Evidentemente, "el Santo Concilio Ecuménico", como para enmendar el "trato preferencial" papal del Vaticano I, erige, en una Constitución Dogmática, el sacerdocio plenario de los Ordinarios en un estatus feudal de Derecho Crístico inmediato. Que esto se traduzca en la preservación quisquillosa de una autoridad tanto más olímpica por estar por encima de la contienda, y que un protocolo digno de la Corte española mantenga a raya a los mendigos de un vasto y polvoriento Tercer Estado, está muy lejos de la bondad del obispo Myriel, benefactor de Jean Valjean, o de la pugnacidad realista del obispo Freppel frente a los enemigos de la Iglesia. ¿Qué es lo más valioso para un obispo con sello LG? Por un lado, la santidad de iure ligada al flamante estatus, que ninguna evaluación puede marchitar; por otro lado, el conatus de Spinoza: "Todo ser tiende a perseverar en el ser", especialmente si la sopa es buena...
* * *
¡Cisma, mi hermoso cisma! ¿No ha logrado el cuerpo episcopal, engrandecido por su propio cuidado, sus fines, a saber, en medio siglo, excluir de su comunión a todos aquellos mendigos remachados a la Fe de antaño?

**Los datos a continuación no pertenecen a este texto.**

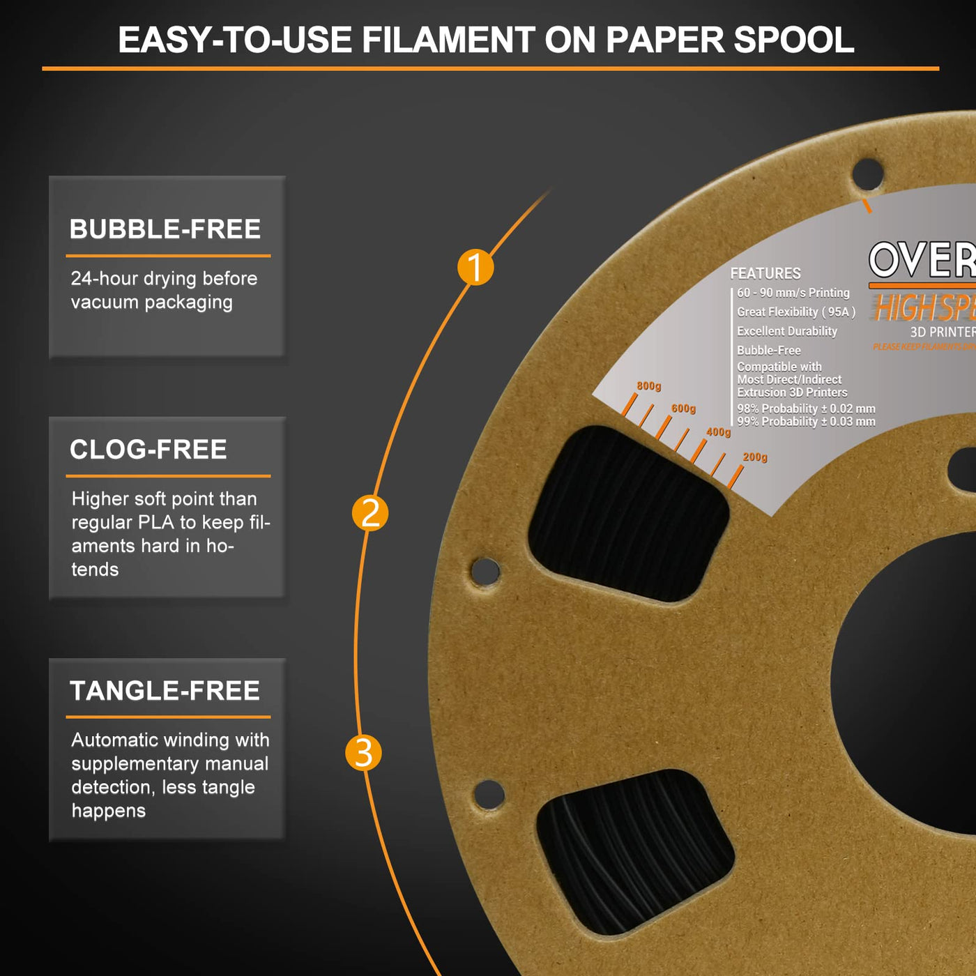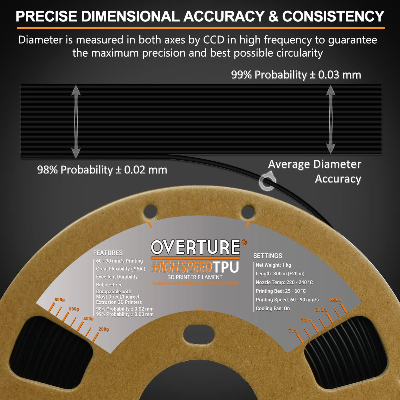 Overture Tpu High Speed Filament 1.75Mm Flexible Tpu Roll, 3D Printer Filament,Dimensional Accuracy +/ 0.03 Mm, Fit Most Fdm Pr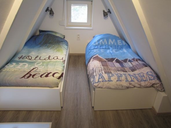 Slaapkamer 2 : 2 x éénpersoonsbed van 80 cm , donsdekens, kussens, dekbedovertrek-en kussenslopen voor elk bed + leeslampje aan beide zijdes

Los que temían un cisma geográfico, a priori insignificante por la descomposición del tejido eclesial, ¿han pensado en la verdadera escisión que se ha ejercido ante nuestros ojos, y que una vana deferencia impedía llamar abandono de la paternidad? Ebrios de su flamante dignidad, han soltado sus amarras, accedido al Néctar y a la Ambrosía, liberados por fin de un vano pueblo retrógrado... Asomados al balcón de la Epicura, se ríen de nuestras aflicciones terrenales. Responderán por ello, ¡que no quepa duda!